The mitochondrial kinase PINK1, stress response and Parkinson’s disease
- Mitochondrial dysfunction is well documented in presymptomatic brain tissue with Parkinson's disease (PD). Identification of the autosomal recessive variant PARK6 caused by loss-of-function mutations in the mitochondrial kinase PINK1 provides an opportunity to dissect pathogenesis. Although PARK6 shows clinical differences to PD, the induction of alpha-synuclein "Lewy" pathology by PINK1-deficiency proves that mitochondrial pathomechanisms are relevant for old-age PD. Mitochondrial dysfunction is induced by PINK1 deficiency even in peripheral tissues unaffected by disease, consistent with the ubiquitous expression of PINK1. It remains unclear whether this dysfunction is due to PINK1-mediated phosphorylation of proteins inside or outside mitochondria.

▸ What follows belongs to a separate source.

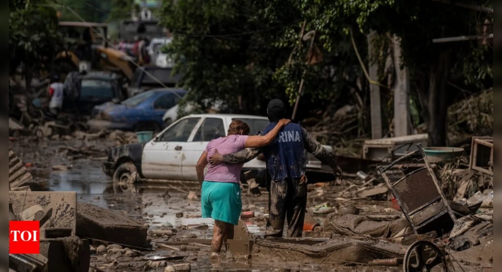 TIANGUISTENGO: When a river that winds by way of the mountains of central Mexico instantly changed into a crushing wall of water this week, it virtually wiped the 400-person village of Chapula off the map. Residents solely had time to shout, warning neighbors dwelling alongside the riverbanks, and desperately search shelter from the lethal flooding and landslides which have reduce off 300 cities in central and jap Mexico from the skin world. Hundreds of troopers and employees scrambled Tuesday to rescue civilians and unblock roads. “There’s nothing left. It worn out homes, it worn out the bridge, it worn out the whole lot. The one factor left standing was the church and the warehouse the place we had been looking for refuge,” mentioned 21-year-old Stephanie Ramirez, who was a part of a gaggle of aged, ladies and kids who stumbled off a rescue helicopter Tuesday. The federal government confirmed that at the very least 64 individuals have died as a result of torrential rains. Dozens are nonetheless lacking and officers warn the complete extent of the devastation in distant cities of a pair hundred to 1,000 residents stays unknown. The rains had been triggered by the convergence of two tropical storms churning off Mexico’s western coast, placing on the finish of an unusually heavy wet season that has left rivers overflowing and hillsides weakened. Ramirez and her grandmother had been evacuated after days of hoping assist would come. The remainder of her household and dozens of their neighbors had been nonetheless ready to be evacuated. As extra rain threatened to pour down, they sought shelter on a close-by hillside on the verge of collapsing subsequent to the still-swollen river. “Now we have to get them out. They’re in fixed hazard there,” Ramirez mentioned. Mexican President Claudia Sheinbaum mentioned Tuesday that one of many authorities’s priorities was to open roads and “to safe air bridges, meals provides, water, and examine on how every particular person is faring.” Hundreds of navy and civilian personnel had been working tirelessly on these efforts Tuesday, however in Chapula, residents determined to organise on their very own. Based on Ramirez, they known as their family in america, “and it was them who made preparations to get us out of there little-by-little.” With assist from residents of the close by city of Tianguistengo, a personal air bridge started working, utilizing a borrowed helicopter to evacuate teams of about half a dozen individuals at a time, whereas different residents organised luggage of primary items to hold on foot, with some troopers, to neighboring villages that had been nonetheless reduce off. “We expect it is about six or seven hours strolling, however we wish individuals to know that we’re working … that they will see we additionally care about their scenario,” mentioned native resident Neptali Rodriguez. The toughest-hit states are Veracruz, Hidalgo and Puebla. In Hidalgo alone, the place roughly half of the remoted villages are positioned, about 100,000 houses had been broken or destroyed by flooding rivers and mudslides. In Veracruz, the place at the very least 29 individuals died, rainfall reached 24 inches in simply 4 days. Veracruz Gov. Rocio Nahle mentioned greater than 300,000 individuals had been affected within the state alone. On Tuesday, public officers had been going door-to-door in cities like Poza Rica, Veracruz, the place water from the overflowing Cazones River on Friday reached 13 toes (4 meters) excessive in some areas. They had been asking residents if anybody was lacking. Based on the Nationwide Civil Safety Coordination, 67 individuals had been nonetheless unaccounted for as of Tuesday. Well being groups had started fumigating affected areas to stop outbreaks of dengue, a illness unfold by mosquitoes. In Poza Rica, resident Roberto Olvera mentioned an oil refinery alarm alerted him to rising waters. “It was terrifying, many individuals within the neighborhood could not escape,” he mentioned. Floodwaters there additionally left a black, oily residue believed to have come from close by oil and gasoline installations, coating bushes and rooftops. Dozens of well being facilities had been broken, together with one in Alamo, Veracruz, the place floodwaters reached two meters (6.5 toes), destroying all tools. Native well being director Marti Batres mentioned medical employees at the moment are working outdoor. Whereas 1000’s of troopers and rescue groups seek for the lacking and ship support, helicopters are ferrying provides to remoted zones and personal building corporations are serving to to reopen key roads. Sheinbaum mentioned there are sufficient assets to reply and that the federal government “will spare no expense throughout this emergency.”

Although PINK1 deficiency affects the mitochondrial fission/fusion balance, cell stress is required in mammals to alter mitochondrial dynamics and provoke apoptosis. Clearance of damaged mitochondria depends on pathways including PINK1 and Parkin and is critical for postmitotic neurons with high energy demand and cumulative stress, providing a mechanistic concept for the tissue specificity of disease.